__GIVEN RECORDS__.
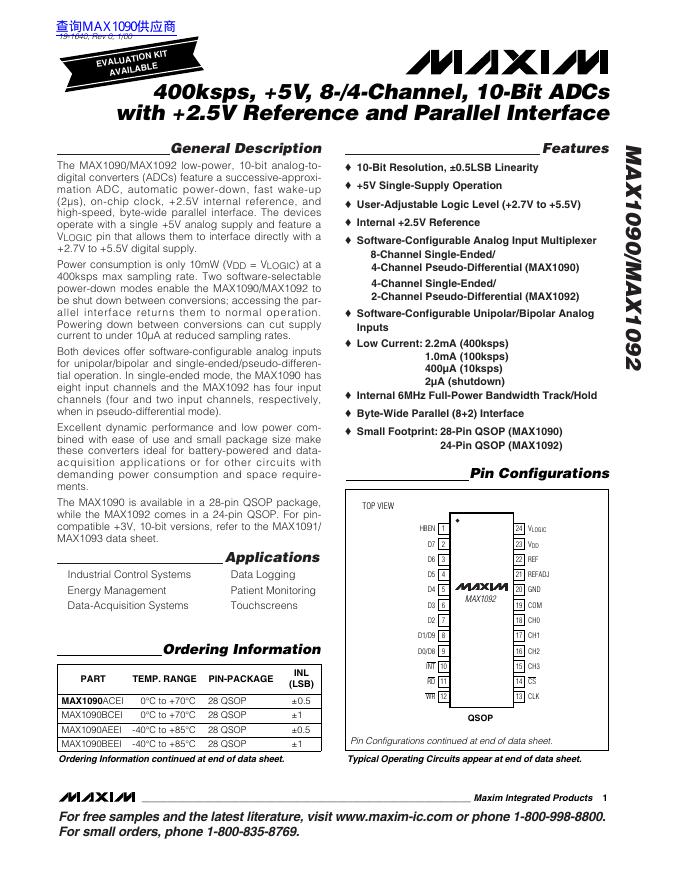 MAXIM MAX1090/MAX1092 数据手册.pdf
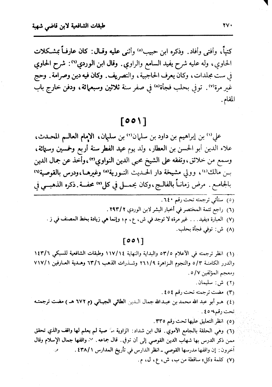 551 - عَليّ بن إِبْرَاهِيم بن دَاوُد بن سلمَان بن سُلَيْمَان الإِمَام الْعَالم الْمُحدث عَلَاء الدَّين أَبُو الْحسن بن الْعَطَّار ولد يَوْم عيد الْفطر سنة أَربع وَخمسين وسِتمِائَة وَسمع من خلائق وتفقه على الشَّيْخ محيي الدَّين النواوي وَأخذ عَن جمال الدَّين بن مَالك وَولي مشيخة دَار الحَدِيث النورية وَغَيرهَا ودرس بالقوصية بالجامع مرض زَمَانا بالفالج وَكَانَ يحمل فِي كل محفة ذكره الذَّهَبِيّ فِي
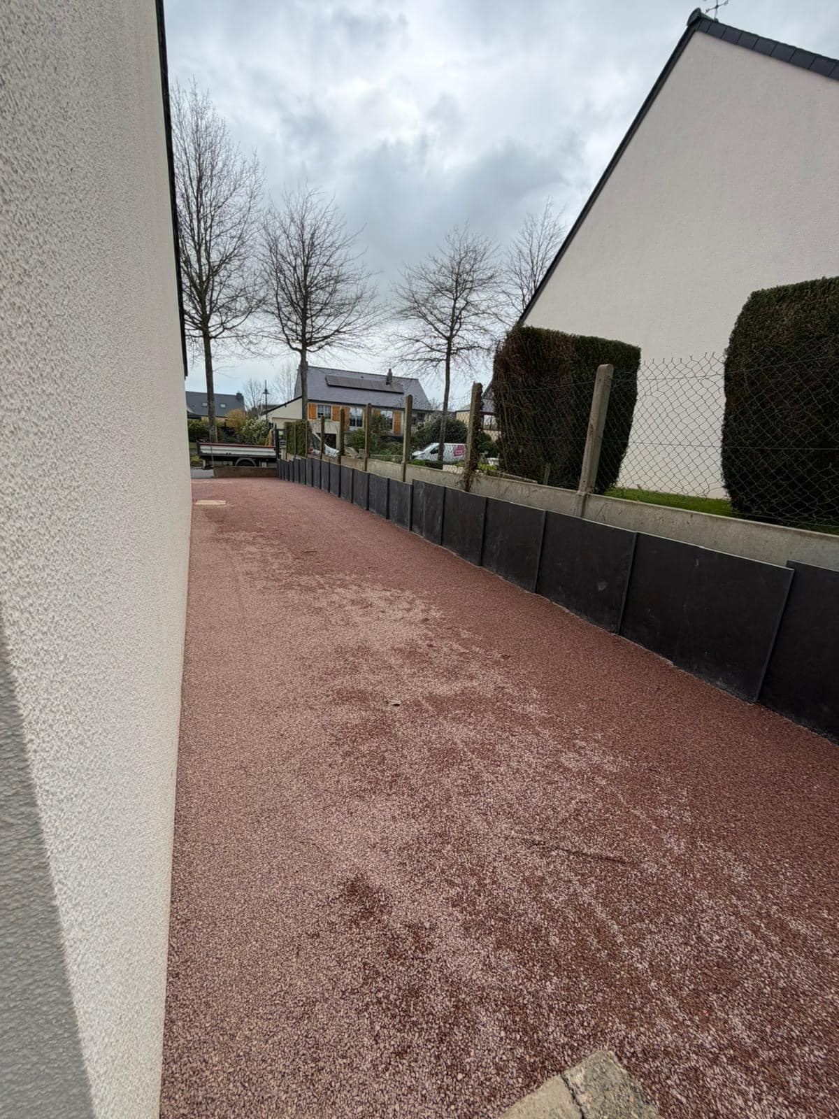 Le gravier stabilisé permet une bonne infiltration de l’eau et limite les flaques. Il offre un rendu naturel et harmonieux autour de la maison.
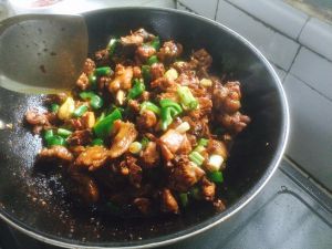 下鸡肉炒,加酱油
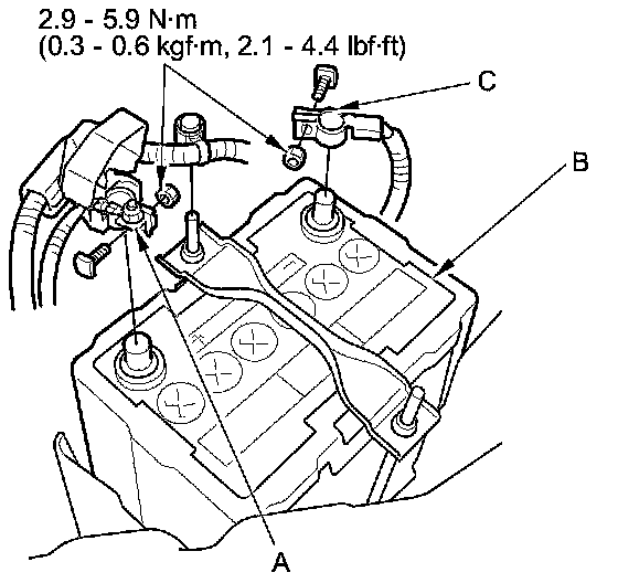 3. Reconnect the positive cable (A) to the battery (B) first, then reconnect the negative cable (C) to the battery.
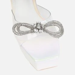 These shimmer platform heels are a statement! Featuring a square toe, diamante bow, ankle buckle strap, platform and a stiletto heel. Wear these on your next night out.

__WHAT IS BEING ASKED__. From the line that holds "3. Reconnect the" to the last line of the data, return those lines exactly and nothing else; both ends count, and pictures stay out.

__SOLUTION TO THE PROBLEM__.
 3. Reconnect the positive cable (A) to the battery (B) first, then reconnect the negative cable (C) to the battery.
 These shimmer platform heels are a statement! Featuring a square toe, diamante bow, ankle buckle strap, platform and a stiletto heel. Wear these on your next night out.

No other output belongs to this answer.